* **Action item**: The line containing "대구광역시는 2월 16일(금)부터" marks the end; write out exactly every line from the start of the data up to and including it, without the pictures.

Records from a dataset:
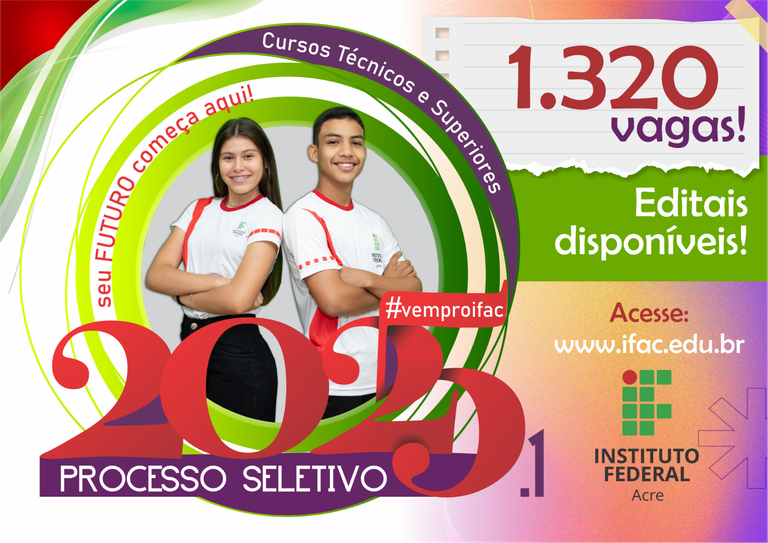 O Instituto Federal do Acre (Ifac) publicou, nesta quarta-feira (09.10), os editais do Processo Seletivo 2025/1 de cursos técnicos e superiores. Ao todo, estão sendo ofertadas 1320 vagas para os campi Rio Branco, Baixada do Sol (Transacreana), Cruzeiro do Sul, Sena Madureira, Tarauacá e Xapuri. O prazo de inscrições terá início no dia 14 de outubro.
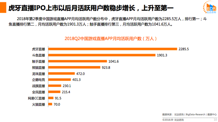 国内知名数据机构比达咨询(BigData-Research)近日发布了《2018年第二季度中国游戏直播市场研究报告》,报告显示,在2018年第2季度主要游戏直播APP月均活跃用户数排行中,虎牙直播月均活跃用户数为2285.5万人,排行第一;斗鱼直播月均活跃用户数为1901.3万人,排行第二;触手直播月均活跃用户数为1041.6万人,排行第三。
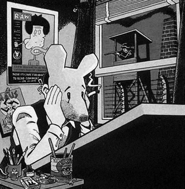 Para narrar en viñetas lo que le parecía incontable, el paso de sus padres por aquella fábrica de muerte, Art Spiegelman convirtió a los judíos en ratones, a los alemanes en gatos, a los franceses en ranas, a los polacos en cerdos… En el Nueva York de finales de los setenta, grabadora en mano, Spiegelman conversa con su padre, convertido en un anciano imposible, caricatura del judío tacaño, un hombre que recuenta cada mañana las galletas que le quedan para desayunar y que cada noche aúlla de dolor en sus pesadillas. Con su máscara de ratón, Spiegelman dibuja las palabras de su padre en viñetas oscuras, feas, siniestras, viaja en flash backs a un pasado donde los gatos acosan a los ratones, y los explotan y matan de forma caprichosa y cruel.
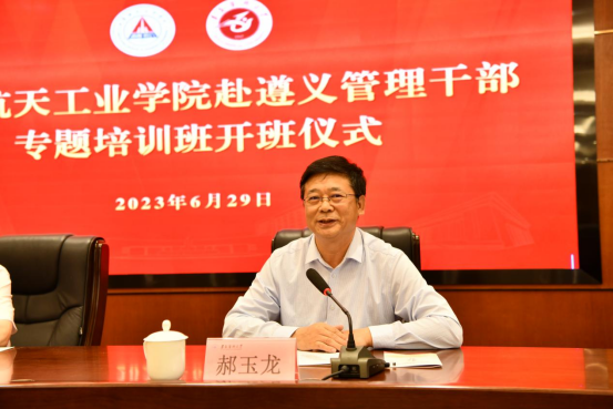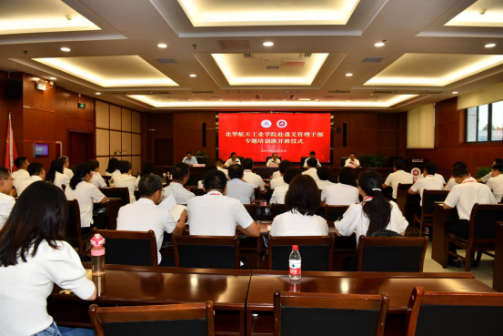 6月29日上午,北华航天工业学院第1期管理干部专题培训班开班仪式在beat365行政楼一楼多功能厅举行。北华航天工业学院党委书记郝玉龙,党委常委、副校长李海涛,党委常委、纪委书记刘文洪出席开班仪式。beat365相关职能部门负责人、北华航天工业学院参训人员50余人参加。
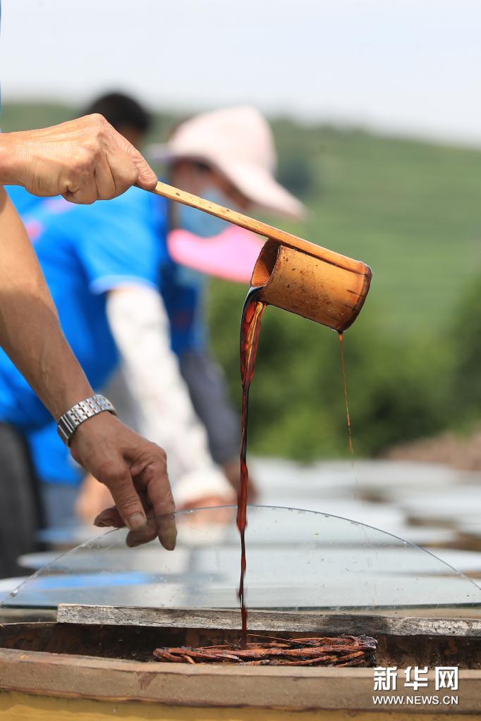 7月10日,工人在畢節(jié)市金沙縣禹謨鎮(zhèn)泡木灣醬醋基地查看醬醋發(fā)酵情況。貴州省畢節(jié)市金沙縣禹謨鎮(zhèn)是傳統(tǒng)醬醋生產(chǎn)大鎮(zhèn),年產(chǎn)陳醋2萬(wàn)余噸。在長(zhǎng)期的釀造實(shí)踐中,禹謨鎮(zhèn)利用當(dāng)?shù)鬲?dú)特的環(huán)境資源,用100多味中草藥與麥麩制曲,以當(dāng)?shù)貎?yōu)質(zhì)大米、玉米為原料,經(jīng)過(guò)70多道工序,經(jīng)一年以上露天發(fā)酵成獨(dú)特的“醬香醋”。該釀醋技藝2019年被列入貴州省級(jí)非物質(zhì)文化遺產(chǎn)名錄。今年以來(lái),禹謨鎮(zhèn)將醬醋產(chǎn)業(yè)與旅游業(yè)結(jié)合起來(lái)一體化推進(jìn),把泡木灣醬醋基地打造成國(guó)家3A級(jí)景區(qū),有效拓寬當(dāng)?shù)厝罕娫鍪罩赂煌緩?,走出了一條工旅融合的鄉(xiāng)村振興新路。新華社發(fā)(韓賢普攝)
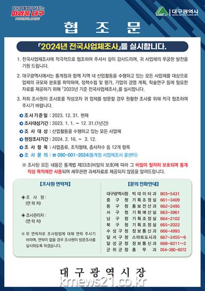 대구광역시는 2월 16일(금)부터 3월 12일(화)까지 조사기준일(’23.12.31.) 또는 조사일 현재 지역 내에서 산업활동을 수행하고 있는 모든 사업체를 대상으로 사업체조사를 실시한다.
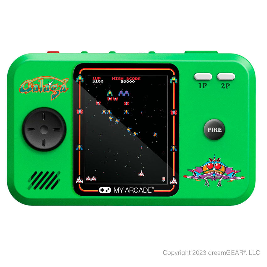 - Vive la emoción del clásico arcade con la consola portátil DreamGear Galaga Pocket Player Pro. Este sistema incluye los juegos Galaga y Galaxian, ambos con licencia oficial y totalmente jugables, ofreciendo la experiencia completa de combate espacial retro en un formato portátil.
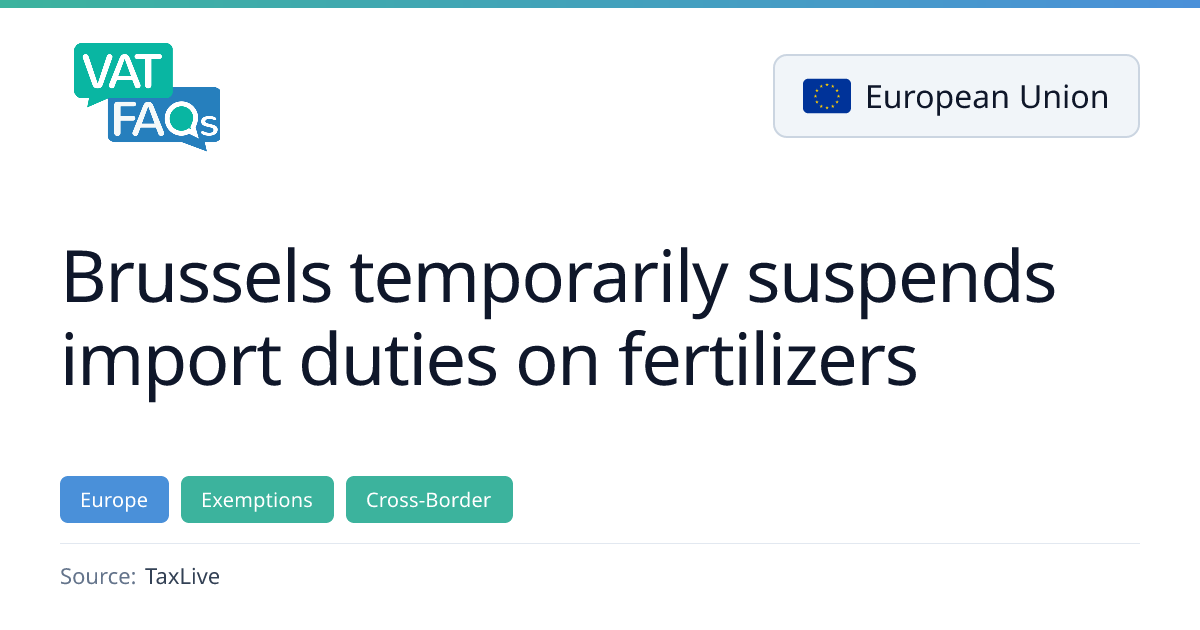 The EU has granted importers of ammonia and urea a temporary exemption from import duties and CO2 tax, effective 1 January 2026, to keep fertilizers affordable for farmers amid the Mercosur trade negotiations.
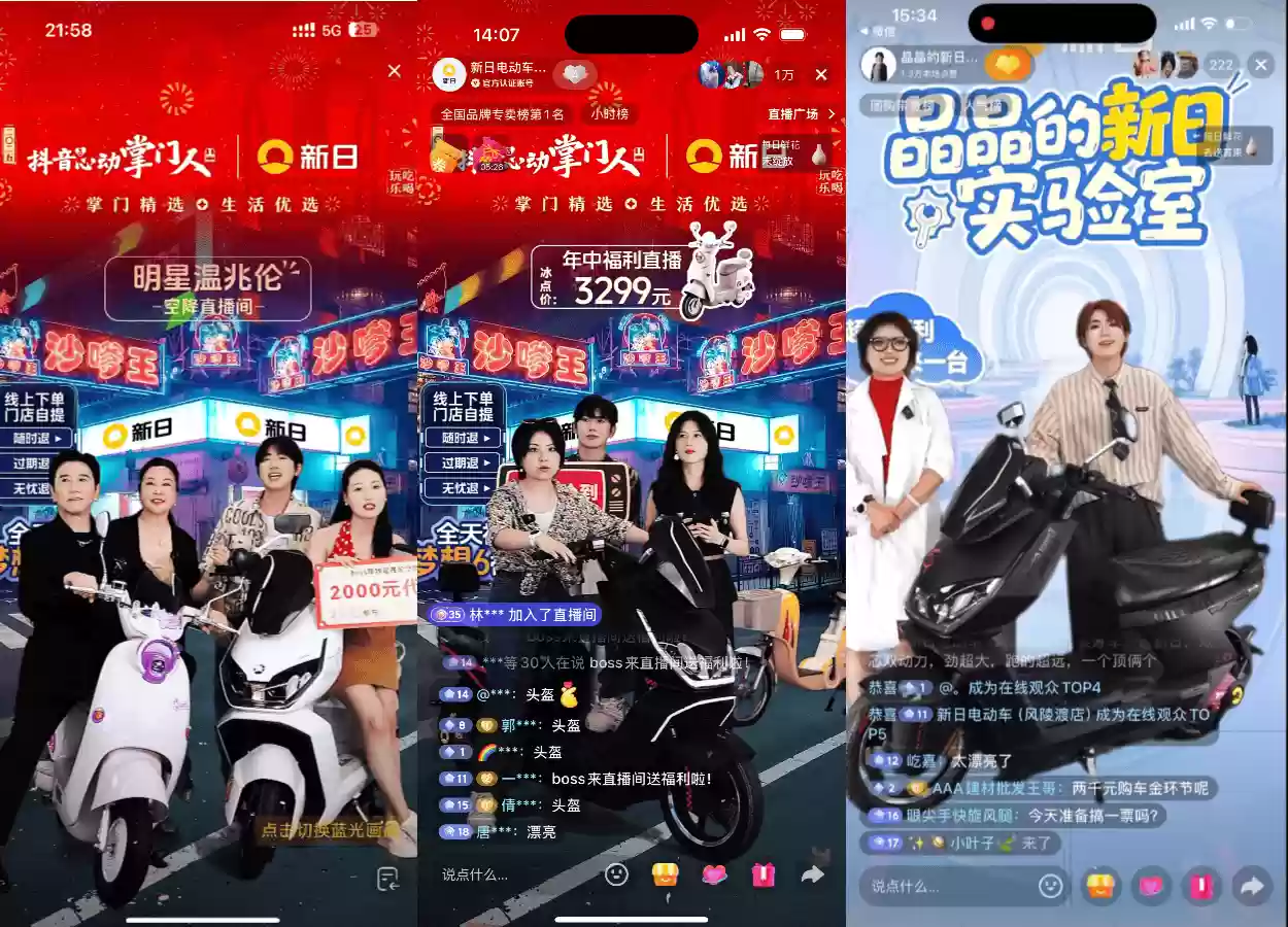 最近,新日电动车通过直播掀起了一股全国购车热潮。在明星助阵和区域高管共同参与的“BOSS价到”系列直播中,消费者能够直接体验到真实的购车优惠与贴心的服务。这种打破传统营销模式的创新实践,不仅创造了单场百万级的成交额和千万级的曝光量,还在电动车行业树立了“流量变销量”的标杆。
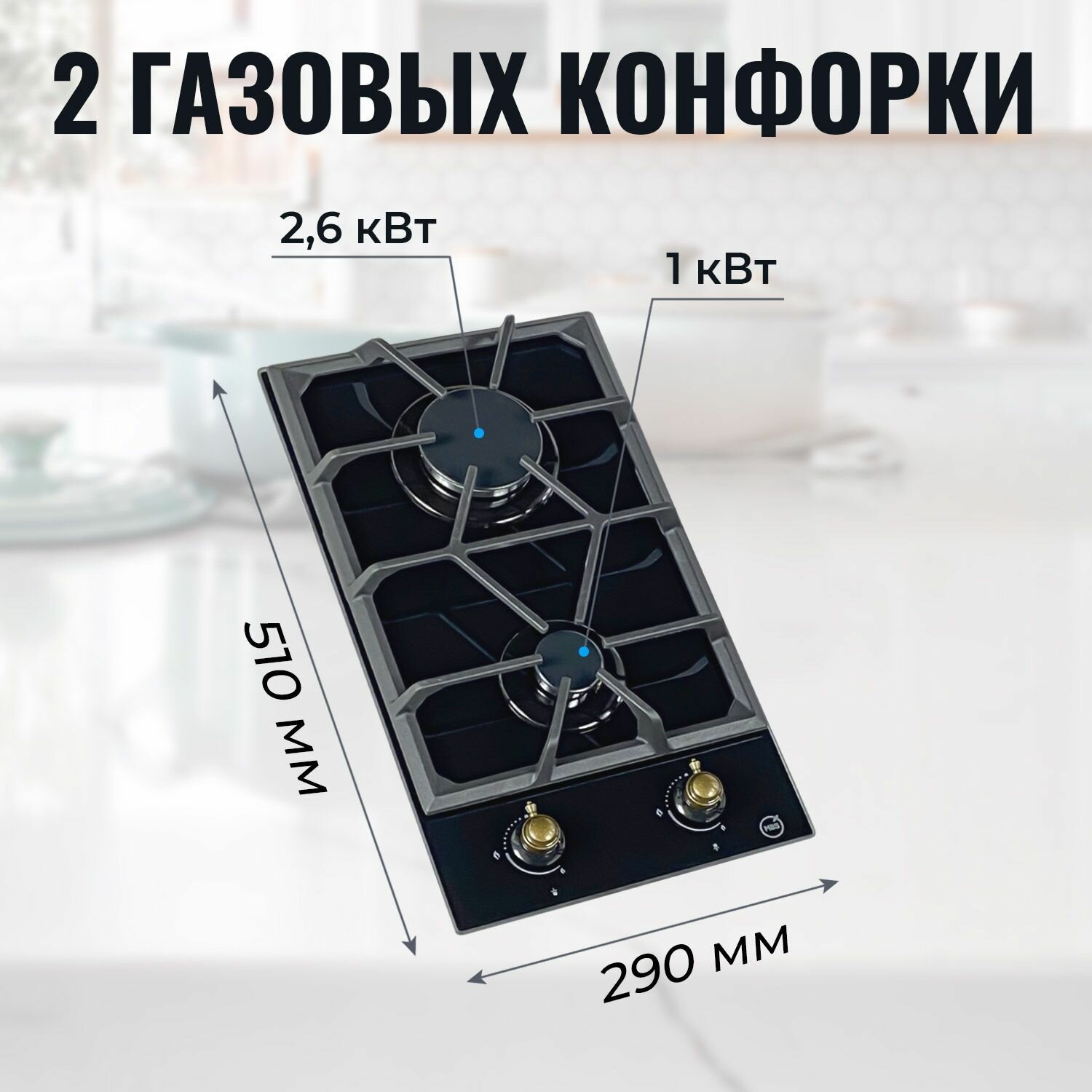| Дополнительная информация | 2 газовые конфорки: 1 конфорка повышенной мощности 2600 Вт 1 экономичная конфорка 1000 Вт |

* **Response box**:
 O Instituto Federal do Acre (Ifac) publicou, nesta quarta-feira (09.10), os editais do Processo Seletivo 2025/1 de cursos técnicos e superiores. Ao todo, estão sendo ofertadas 1320 vagas para os campi Rio Branco, Baixada do Sol (Transacreana), Cruzeiro do Sul, Sena Madureira, Tarauacá e Xapuri. O prazo de inscrições terá início no dia 14 de outubro.
 国内知名数据机构比达咨询(BigData-Research)近日发布了《2018年第二季度中国游戏直播市场研究报告》,报告显示,在2018年第2季度主要游戏直播APP月均活跃用户数排行中,虎牙直播月均活跃用户数为2285.5万人,排行第一;斗鱼直播月均活跃用户数为1901.3万人,排行第二;触手直播月均活跃用户数为1041.6万人,排行第三。
 Para narrar en viñetas lo que le parecía incontable, el paso de sus padres por aquella fábrica de muerte, Art Spiegelman convirtió a los judíos en ratones, a los alemanes en gatos, a los franceses en ranas, a los polacos en cerdos… En el Nueva York de finales de los setenta, grabadora en mano, Spiegelman conversa con su padre, convertido en un anciano imposible, caricatura del judío tacaño, un hombre que recuenta cada mañana las galletas que le quedan para desayunar y que cada noche aúlla de dolor en sus pesadillas. Con su máscara de ratón, Spiegelman dibuja las palabras de su padre en viñetas oscuras, feas, siniestras, viaja en flash backs a un pasado donde los gatos acosan a los ratones, y los explotan y matan de forma caprichosa y cruel.
 6月29日上午,北华航天工业学院第1期管理干部专题培训班开班仪式在beat365行政楼一楼多功能厅举行。北华航天工业学院党委书记郝玉龙,党委常委、副校长李海涛,党委常委、纪委书记刘文洪出席开班仪式。beat365相关职能部门负责人、北华航天工业学院参训人员50余人参加。
 7月10日,工人在畢節(jié)市金沙縣禹謨鎮(zhèn)泡木灣醬醋基地查看醬醋發(fā)酵情況。貴州省畢節(jié)市金沙縣禹謨鎮(zhèn)是傳統(tǒng)醬醋生產(chǎn)大鎮(zhèn),年產(chǎn)陳醋2萬(wàn)余噸。在長(zhǎng)期的釀造實(shí)踐中,禹謨鎮(zhèn)利用當(dāng)?shù)鬲?dú)特的環(huán)境資源,用100多味中草藥與麥麩制曲,以當(dāng)?shù)貎?yōu)質(zhì)大米、玉米為原料,經(jīng)過(guò)70多道工序,經(jīng)一年以上露天發(fā)酵成獨(dú)特的“醬香醋”。該釀醋技藝2019年被列入貴州省級(jí)非物質(zhì)文化遺產(chǎn)名錄。今年以來(lái),禹謨鎮(zhèn)將醬醋產(chǎn)業(yè)與旅游業(yè)結(jié)合起來(lái)一體化推進(jìn),把泡木灣醬醋基地打造成國(guó)家3A級(jí)景區(qū),有效拓寬當(dāng)?shù)厝罕娫鍪罩赂煌緩?,走出了一條工旅融合的鄉(xiāng)村振興新路。新華社發(fā)(韓賢普攝)
 대구광역시는 2월 16일(금)부터 3월 12일(화)까지 조사기준일(’23.12.31.) 또는 조사일 현재 지역 내에서 산업활동을 수행하고 있는 모든 사업체를 대상으로 사업체조사를 실시한다.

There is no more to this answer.